Never before has Iberia been “so important” 

These strange and unusual times have worked a form of wacky magic on southern Europe – an area so maligned in the past by ‘heavy hitters’ within the European Union.

Long gone are the days when Portugal and Spain were part of the ignominious PIGS (a terrible title reflecting economic output shared with Italy and Greece). Now, according to economists interviewed by Spanish newspaper El Economista, the southern cousins are the “Iberian miracle” that has saved Europe from recession.

With the economies of France and Germany in the doldrums, Spain and Portugal were responsible in the last quarter of 2024 for 50% of the eurozone’s growth.

Pundits admit: “Probably never before has the Iberian Peninsula been so important in keeping the euro economy afloat.”

But it is not really that ‘simple’. Investment bank JP Morgan explains the dynamic is not in the least bit sustainable: unless Germany and France start recovering, Europe is careering towards recession – because, behind the veneer of euphoria, Spain and Portugal actually account for just 13% of the eurozone’s GDP.

In other words, had their joint performance been excluded from the analysis of last year’s last quarter, eurozone growth would already have dipped into negative territory. In fact, “annual growth would have halved”, says El Economista.

Lisbon – Photo: Aayush Gupta-Unsplash

Demographic growth

What effectively happened was that Spain and Portugal delayed the inevitable (?): Spain, on its own, accounted for a third of all eurozone growth while Portugal brought up the rear: Spain grew by 0.8%, Portugal by 1.5%. Year-on-year, Spain grew by 3.5% and Portugal by 2.7%.

On an annual basis, the ‘boost’ provided by the two countries was even clearer: the eurozone grew by 0.9% and, of that percentage, Spain and Portugal accounted for 0.43 percentage points (Spain contributing 0.3815 and Portugal 0.0459 points).

As El Economista explains, both countries are going through a cycle of expansion in their economies, with ‘notable demographic growth’ (thanks to the wave of immigration), job creation and “taking advantage of new consumer preferences worldwise, which favour mass-produced services from both Spain and Portugal”.
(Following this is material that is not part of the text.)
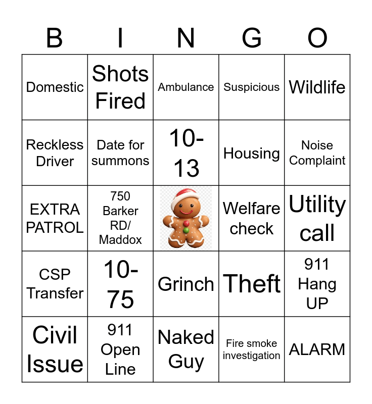This bingo card has a free space and 24 words: 10-75, 911 Open Line, 10-13, Civil Issue, Wildlife, Domestic, Reckless Driver, Shots Fired, Welfare check, Grinch, Housing, EXTRA PATROL, Theft, 911 Hang UP, Date for summons, Fire smoke investigation, Utility call, Ambulance, Noise Complaint, 750 Barker RD/ Maddox, ALARM, CSP Transfer, Suspicious and Naked Guy.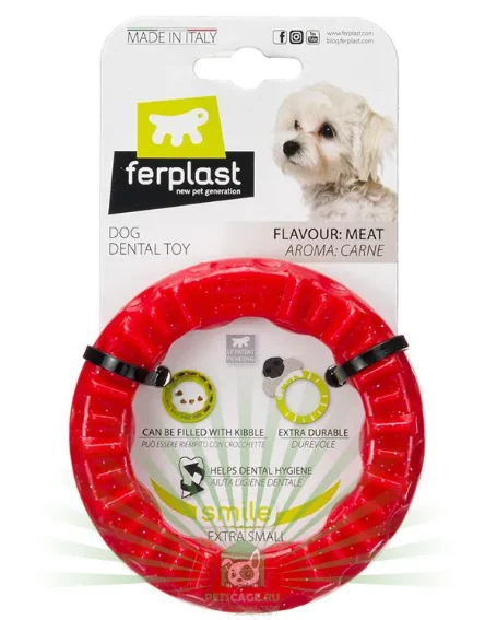 Правильная гигиена полости рта очень важна для наших четвероногих друзей. В дополнение к здоровому питанию и регулярной чистке зубов зубной щеткой, мы советуем вам прибегать к использованию специальных жевательных игрушек, которые одновременно развлекут и доставлят удовольствие вашему питомцу, а также послужат стимулом для совершения собакой жевательных движений.Smile от Ferplast - идеальный помощник в достижении этой цели! Это игрушечное кольцо для собак помогает вашему питомцу чистить зубы посредством совершения привычных механических жевательных движений. В состав игрушки входят кристаллы бикарбоната, которые способствуют уменьшению зубного налета и профилактике образования зубного камня, а также поддерживают идеальную гигиену полости рта вашего питомца и помогают сохранить дыхание свежим. Кроме того, благодаря неровной поверхности, игрушка поддерживает в тонусе мышцы рта и приятно массирует десны собаки. Её можно наполнить вкусным кормом, чтобы пробудить ещё больший интерес вашего пушистого питомца к игре

Proof of this is the unemployment rate, which in both economies is showing a clear downward trend, despite the growth in population.

This means, says the paper, that the Iberian Peninsula is growing fast enough – as is the demand for the goods and services that they produce – to absorb a large number of workers.

Trump turbulence

In the case of Portugal, the unemployment rate is 6.4%, while in Spain it stands at 10.61% – a rate which, at first glance, seems high but which, by Spanish standards, is ‘dangerously’ low, explain economists, as it is well below the non-inflationary unemployment rate.

Thus, the two southern European countries – once part of the eurozone’s ‘greatest problem’ (remember the times when they were criticised for spending community funding on ‘drinks and women’?) – have “now become the horses pulling a very heavy cart, carrying the declining giants of Germany, France and Italy”.

And that is the problem: horses and heavy carts tend to end badly. The recovery of the ‘declining giants’ is essential if the euro economy is to grow in a sustainable and diversified way, El Economista explains – reiterating that growth right now is “highly concentrated in two countries that account for so little of the eurozone economy”.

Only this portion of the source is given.